S18 Step 4 — design (amended post-Loki forensics)¶

Status : draft v2 (post-Loki amendment, pre-committee plan_review) Parent dossier : documentation/reviews/2026-05-13-cvn-n001-ee-s18-harness-shallow-training-diagnostic-plan.md §5.4 Trigger : Step 3 verdict = REFUTED + Loki forensic query on the chained DAG run 2026-05-14 14:44 UTC Author : Claude Opus 4.7 (under operator review)

1. Why this v2¶

The v1 of this dossier proposed a 7-stage replay matrix (A.GRID, A.OPT, B.GRID, … D.OPT). Loki forensics on the actual chained-DAG run obsoletes that scope :

Loki query results (2026-05-14 14:44-15:08 UTC)¶

event=s18_step1_trial_complete : 51 events
  best_iter=1 : 49 trials
  best_iter=2 :  2 trials

Every single Optuna trial converged to best_iter ≤ 2 across the full hyperparameter search space (50 trials + final retrain).

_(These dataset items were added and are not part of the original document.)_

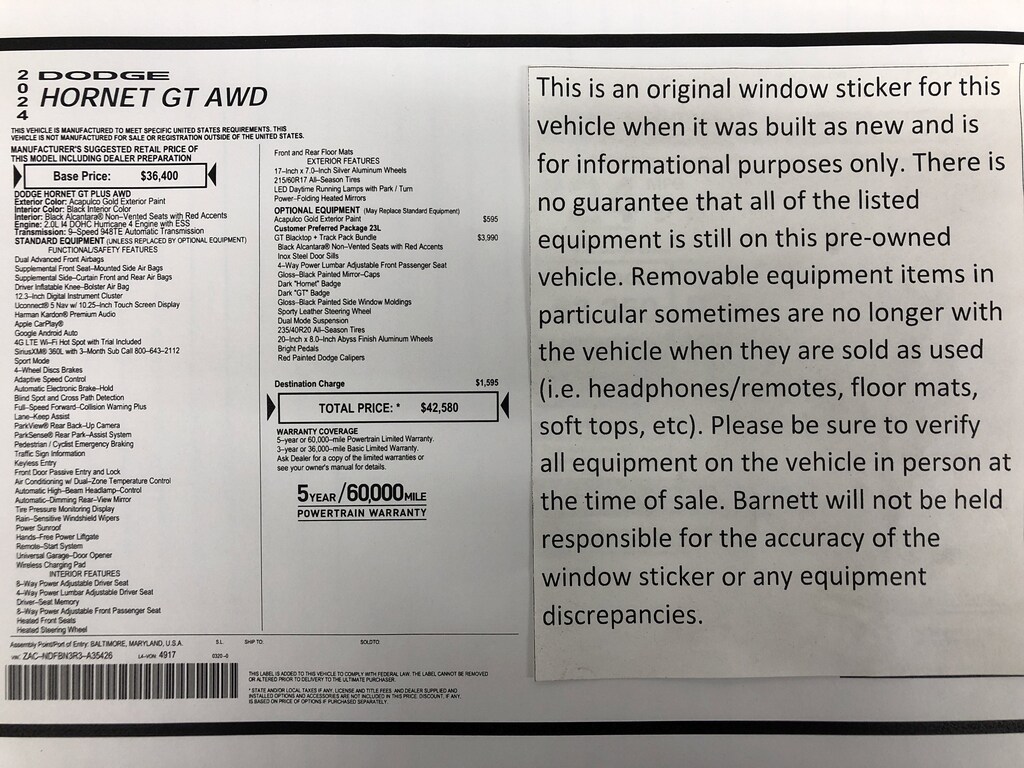 Listed selling price includes a $1000 Barnett Trade Bonus. Trade-in vehicles no more than 10 years old and 100K miles or less with a clean title automatically qualify. Trade-in vehicles outside these parameters need to be discussed and reviewed in person with the dealership to determine qualification. "The vehicle equipment list is auto generated and errors in listed equipment may occur. Please be sure to verify all equipment on the vehicle in person at time of sale as this list may not be 100% accurate. Barnett will not be held responsible for the accuracy of this list."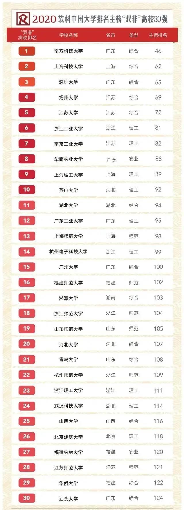 今年一些實力超群但之前未能進入“雙一流”建設名單的“雙非”高校(非985,非211),榜上表現格外令人關注。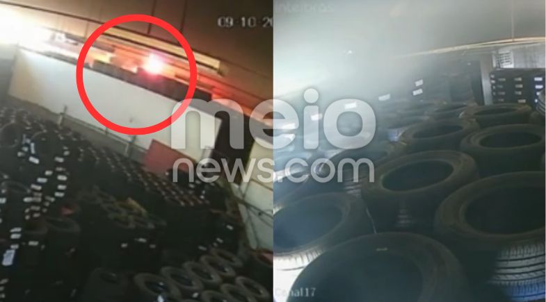 Em um dos vídeos, é possível ver que, por volta das 8h44, uma fumaça começa a sair de pneus localizados no piso superior. Em questão de segundos, as chamas aparecem e se espalham rapidamente. A gravação encerra às 8h47. O outro registro mostra um ângulo diferente do local, com uma fumaça intensa.
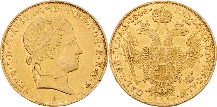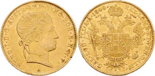 Dukát 1848 A, Vídeň, 3.476g, zvlněný, hrany, rysky, patina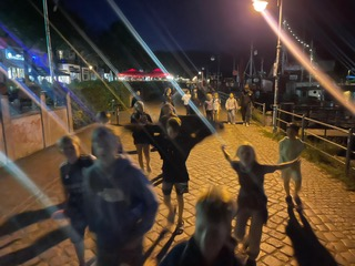 Neben dem Segeln waren es auch die gemeinsamen Erlebnisse an Land, die die Woche besonders machten: das Grillen, das Schnitzelessen, das Bowlen und der Blick vom Riesenrad über Warnemünde im Sonnenuntergang. Und immer wieder spürten wir, wie gut unsere Gruppe zusammenwächst und wie schön es ist, neue Segler in der Gemeinschaft willkommen zu heißen.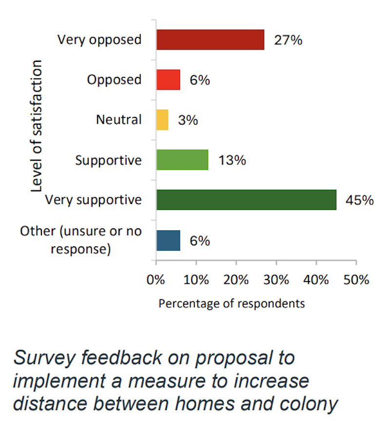 Survey results show that many residents are open to the proposed solution. Overall, 58 per cent of respondents supported or strongly supported measures to increase the distance between homes and the colony. Among residents living directly beside the parkland, support was higher, with 63 per cent backing the approach.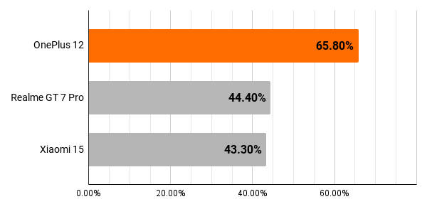 The Realme GT 7 Pro excels in battery performance with its chunky 5,800mAh unit, which comfortably lasts a full day even under heavy usage. The handset consumed an aggregate of 21 percent during our YouTube video streaming and gaming tests. Moreover, its results in the PCMark battery and charging speed test surpass those of close competitors like the OnePlus 12 and Xiaomi 15, cementing its position as a leader in battery efficiency. The GT 7 Pro takes roughly 40 minutes to achieve a full 100 percent charge from 20 percent. You can read more about the smartphone’s battery performance in our detailed review.
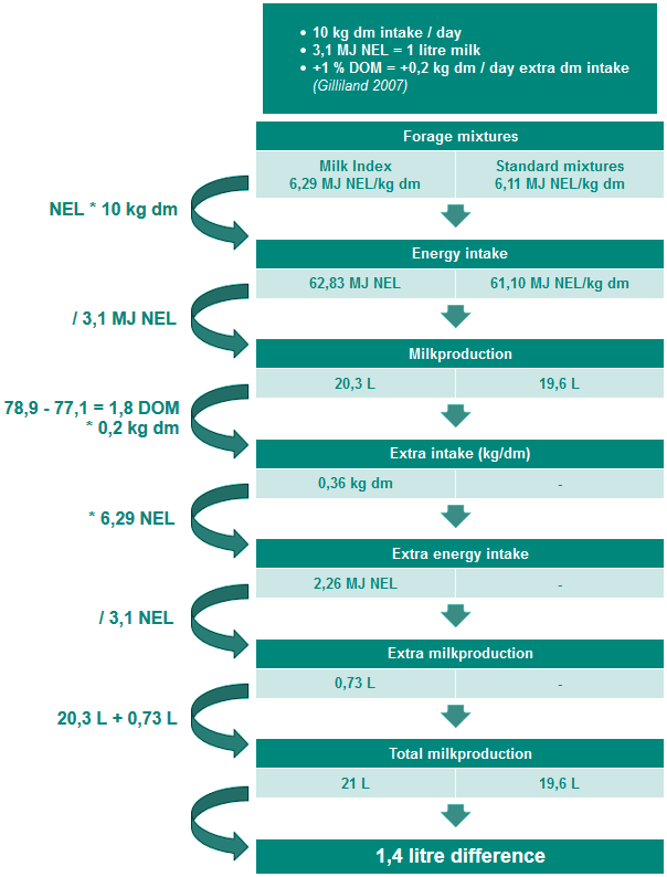 A part of this milk production is based on the higher energy content of the Milk Index mixtures. This results in a difference of 20.3-19.6 = 0.7 litre milk per day. Due to the higher feed intake because of the higher DOM the cow takes up 0.36 kg dm extra per day, resulting in an extra 0.73 litre more milk.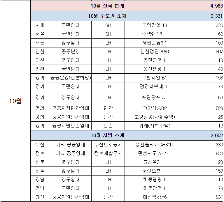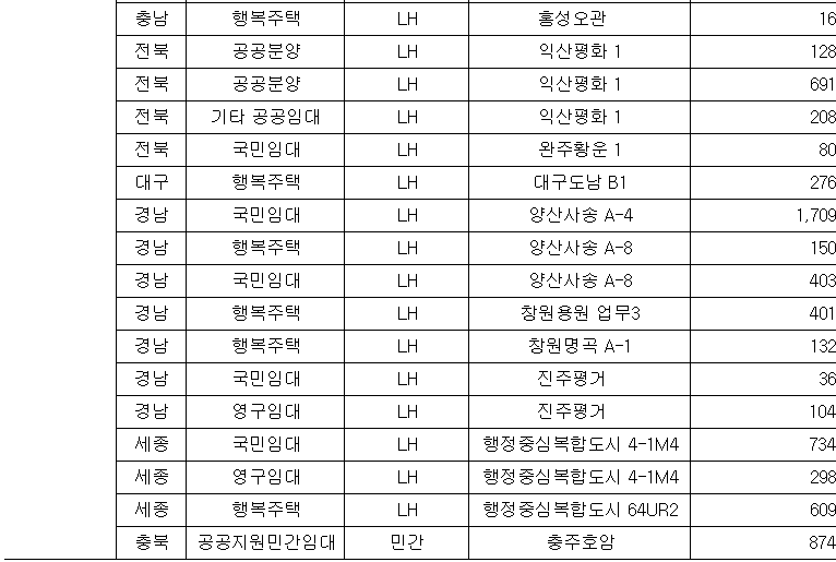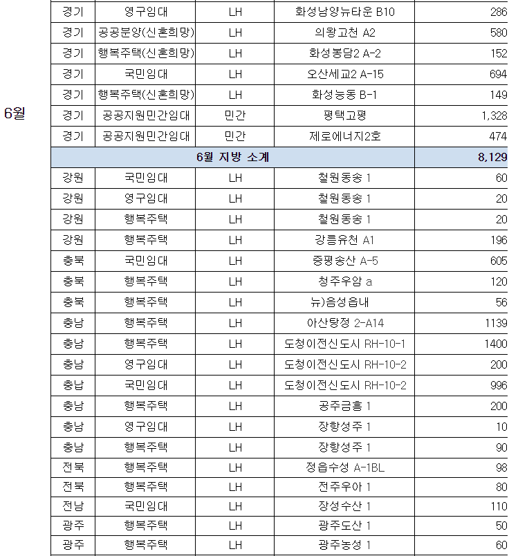 ㅇ (공공임대주택) 경기·인천에서 인천검단(2,746호)·파주운정3(2,052호) 등 105곳 40,276호, 나머지 지역에서 아산탕정(2,935호)·양산사송(1,709호) 등 150곳 37,568호를 공급한다.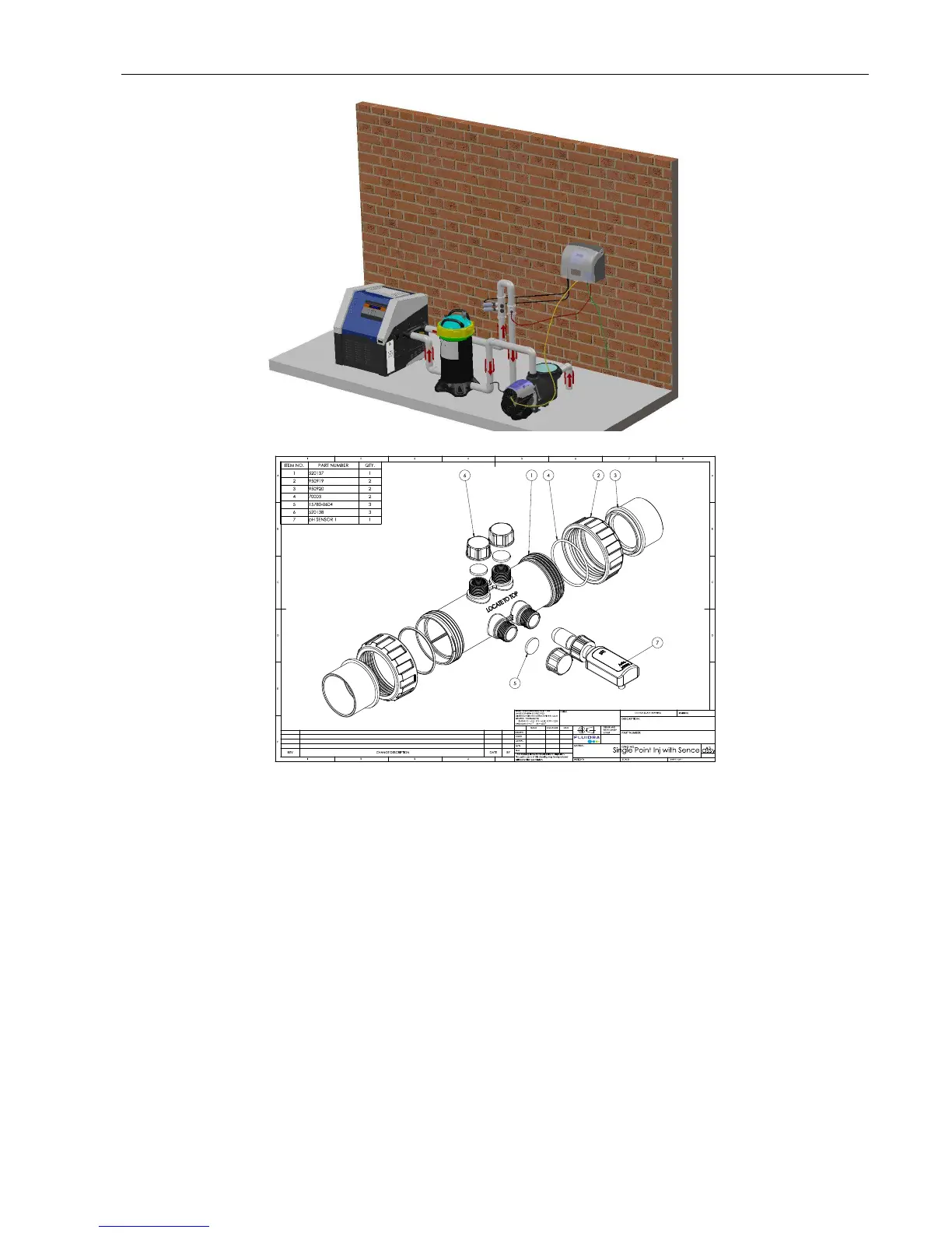 1. Begin installation by plumbing the mixing chamber into the return line of the swimming pool. The mixing chamber

Combined with Step 3 producing legacy_best_iter=1, harness_best_iter=1 on GRID_DEFAULT_HP_LGB :

Configuration	Params	valid_sets	best_iter
Phase A trial 0	Optuna trial 0	`[val_set]`	1
Phase A trial 1	Optuna trial 1	`[val_set]`	1
Phase A trial 2	Optuna trial 2	`[val_set]`	2
…	…	…	…
Phase A trial 50	Optuna best retrain	`[val_set]`	1
Step 3 legacy	GRID_DEFAULT	`[train_set, val_set]`	1
Step 3 harness	GRID_DEFAULT	`[val_set]`	1

53 total configurations × 2 param families × 2 valid_sets configs → all early-stop at iter 1-2.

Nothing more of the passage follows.